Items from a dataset
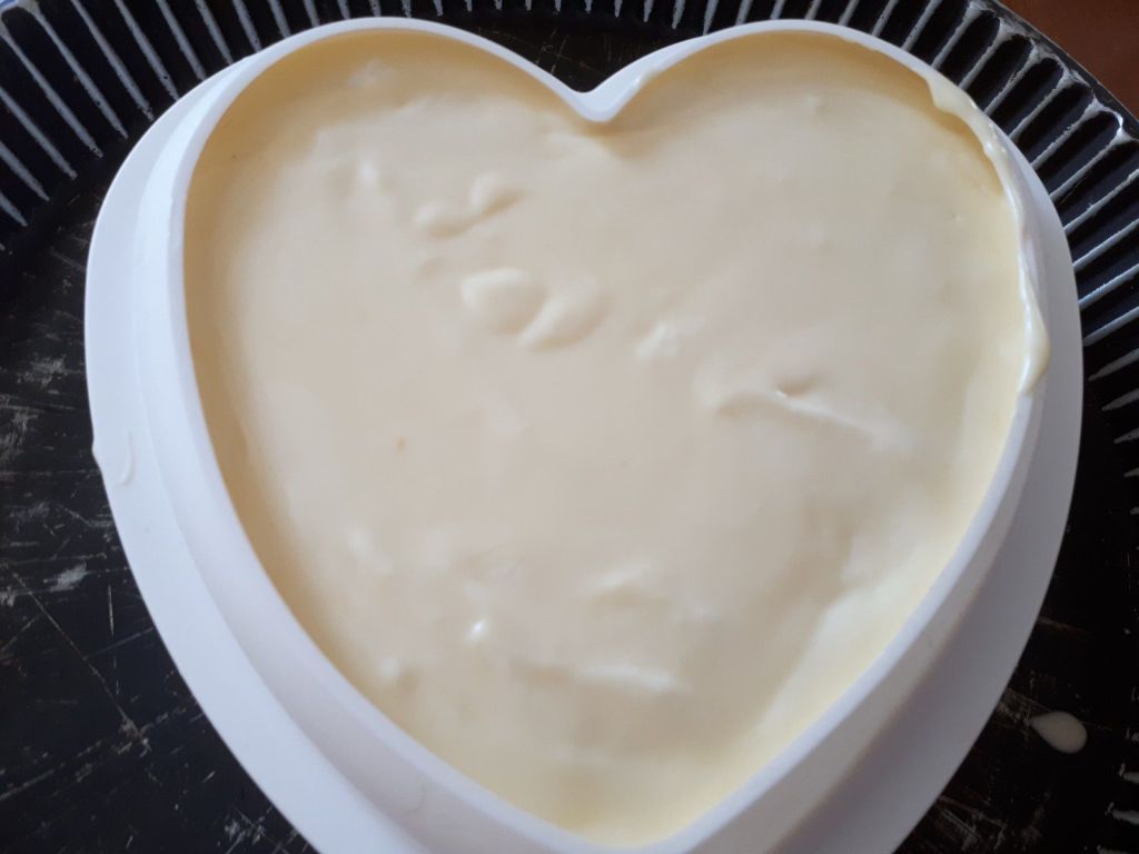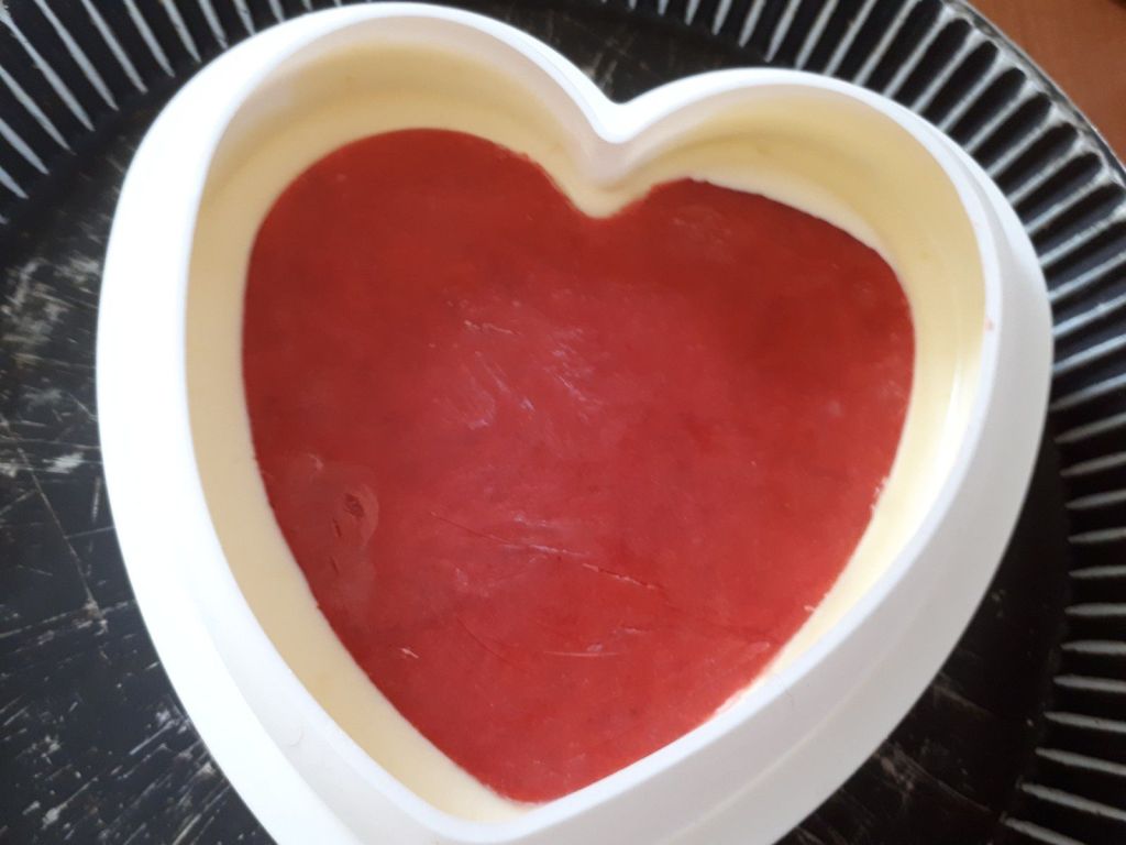 - Poser le moule Ti Amo sur le plan de travail et déposer la moitié de la mousse citron au fond du moule.
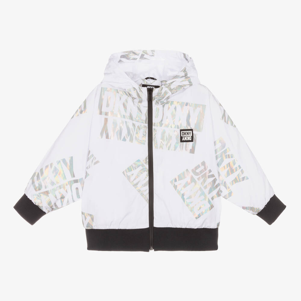 A white hooded windbreaker jacket for girls by DKNY. For a striking streetwear look, it has an iridescent silver logo design, with a black rubberised motif on the chest. Smooth and lightweight, the jacket has a sealed zip fastening and elasticated rib trims for added protection, and a breathable mesh lining for comfort.
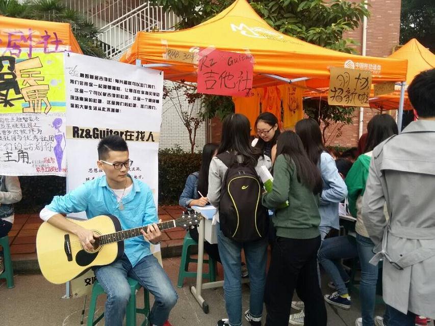 在招新现场,五彩的气球,特色的宣传随处可见,招新人员积极而又充满热情。
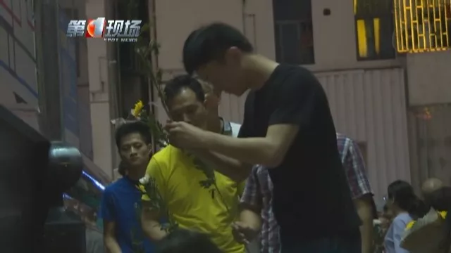 晚上7點30分,大家在有序組織下,排成一隊,逐一走到花籃前,放下手中的鮮花,雙手合十,并鞠躬致意。
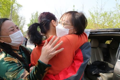 4月15日上午,山东能源淄矿集团中心医院重症医学科护师王欣回到离别3个多月的青州家中,在下车的一刻,母女紧紧拥抱在一起,王欣的母亲满含激动的泪水:“我的小棉袄终于回来了!”
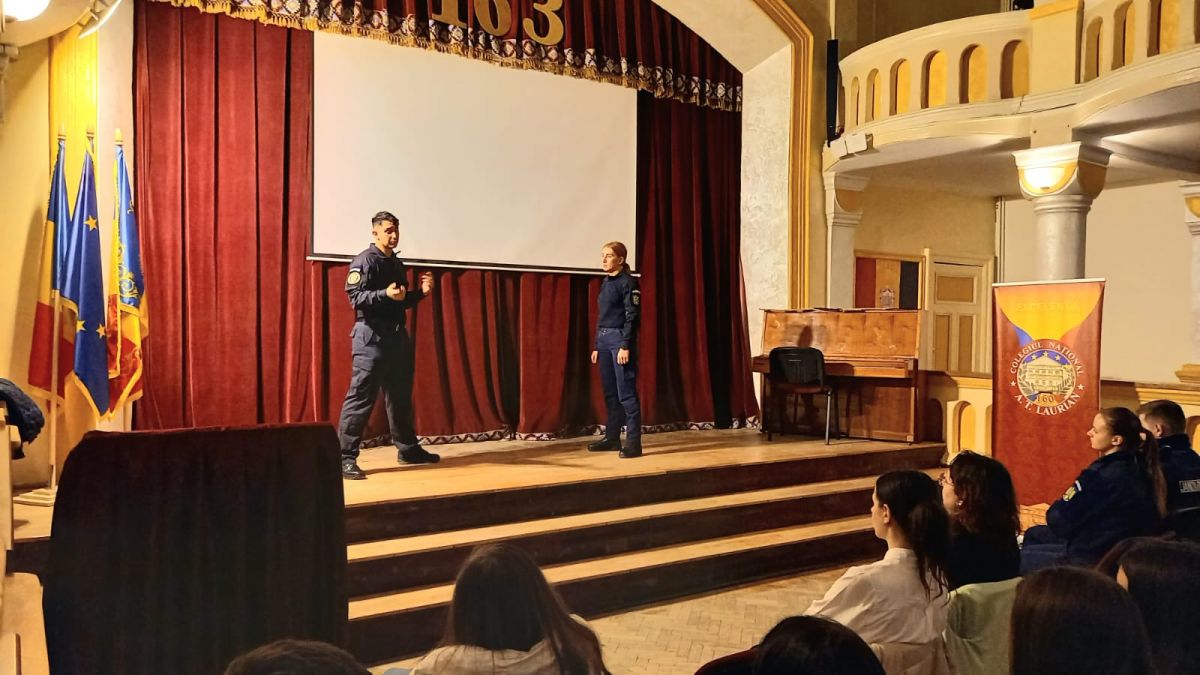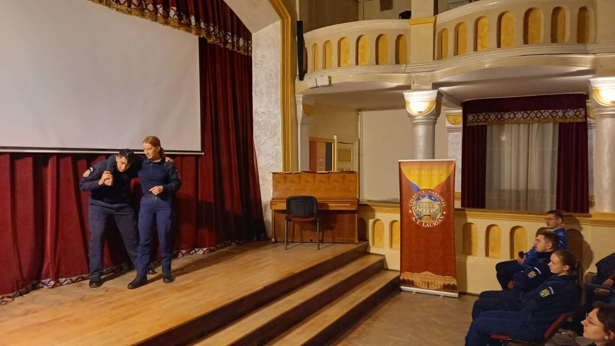 Joi seară, în aula Colegiului Național ”A.T. Laurian", plutonierul Octavian Grigoriu, din Inspectoratul de Jandarmi Județean Botoșani, le-a dat tinerilor membri ai Asociației Interact sfaturi pentru prevenirea implicării în altercații, după care le-a prezentat câteva procedee de autoapărare, care le pot fi de un real folos în situații neplăcute.
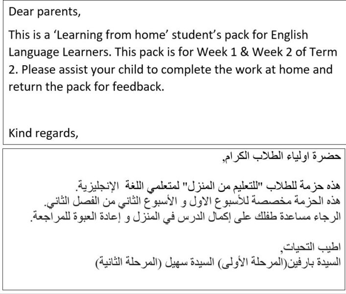 The pandemic has thrown a curve ball on teaching and learning practices and left little room for preparedness. One of the ways the school has chosen to disseminate information and instruction is to provide translations. But as mentioned in “Literacy in Heritage language maintenance”, there are those with a low literacy level in the heritage language and this could prove to be an impediment when they are new arrivals with little English skill but also unable to understand the translations of the communications if they themselves are also illiterate in their heritage language.
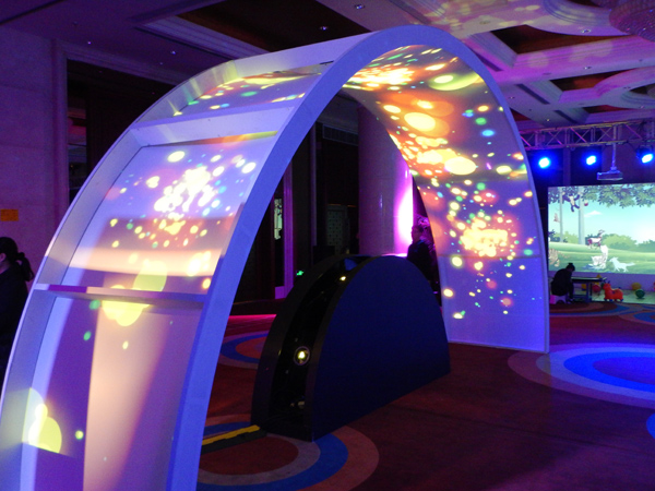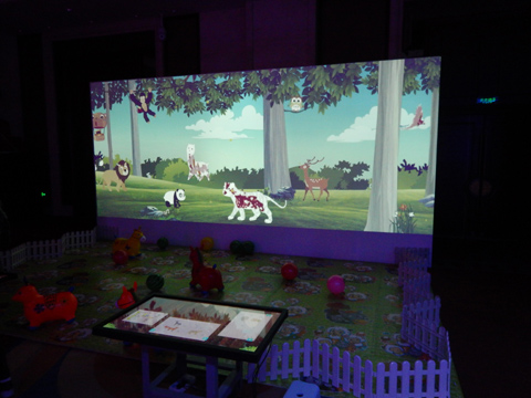 其中神筆酷甩案例,此方案采用兩臺6000流明WXGA(1280x800)工程投影機W515T,搭配GB-200數字高清融合器進行畫面融合,有效投影畫面為2.5x6m,配合一套由多臺多點觸摸桌與一組大型顯示墻組成的多媒體兒童互動系統。兒童可以在觸摸桌上涂鴉,繪制好的動物可以被直接甩到大型顯示墻上在場景中即刻"變活"。系統利用現代化的高科技手段,寓教于樂,加強對兒童的益智教育,打破傳統兒童娛樂模式的束縛,充分開發兒童的創造力和動手能力。

■ TASK DETAILS ■
Please print each record above again exactly, but omit any pictures.

■ TASK SOLUTION ■
 - Poser le moule Ti Amo sur le plan de travail et déposer la moitié de la mousse citron au fond du moule.
 A white hooded windbreaker jacket for girls by DKNY. For a striking streetwear look, it has an iridescent silver logo design, with a black rubberised motif on the chest. Smooth and lightweight, the jacket has a sealed zip fastening and elasticated rib trims for added protection, and a breathable mesh lining for comfort.
 在招新现场,五彩的气球,特色的宣传随处可见,招新人员积极而又充满热情。
 晚上7點30分,大家在有序組織下,排成一隊,逐一走到花籃前,放下手中的鮮花,雙手合十,并鞠躬致意。
 4月15日上午,山东能源淄矿集团中心医院重症医学科护师王欣回到离别3个多月的青州家中,在下车的一刻,母女紧紧拥抱在一起,王欣的母亲满含激动的泪水:“我的小棉袄终于回来了!”
 Joi seară, în aula Colegiului Național ”A.T. Laurian", plutonierul Octavian Grigoriu, din Inspectoratul de Jandarmi Județean Botoșani, le-a dat tinerilor membri ai Asociației Interact sfaturi pentru prevenirea implicării în altercații, după care le-a prezentat câteva procedee de autoapărare, care le pot fi de un real folos în situații neplăcute.
 The pandemic has thrown a curve ball on teaching and learning practices and left little room for preparedness. One of the ways the school has chosen to disseminate information and instruction is to provide translations. But as mentioned in “Literacy in Heritage language maintenance”, there are those with a low literacy level in the heritage language and this could prove to be an impediment when they are new arrivals with little English skill but also unable to understand the translations of the communications if they themselves are also illiterate in their heritage language.
 其中神筆酷甩案例,此方案采用兩臺6000流明WXGA(1280x800)工程投影機W515T,搭配GB-200數字高清融合器進行畫面融合,有效投影畫面為2.5x6m,配合一套由多臺多點觸摸桌與一組大型顯示墻組成的多媒體兒童互動系統。兒童可以在觸摸桌上涂鴉,繪制好的動物可以被直接甩到大型顯示墻上在場景中即刻"變活"。系統利用現代化的高科技手段,寓教于樂,加強對兒童的益智教育,打破傳統兒童娛樂模式的束縛,充分開發兒童的創造力和動手能力。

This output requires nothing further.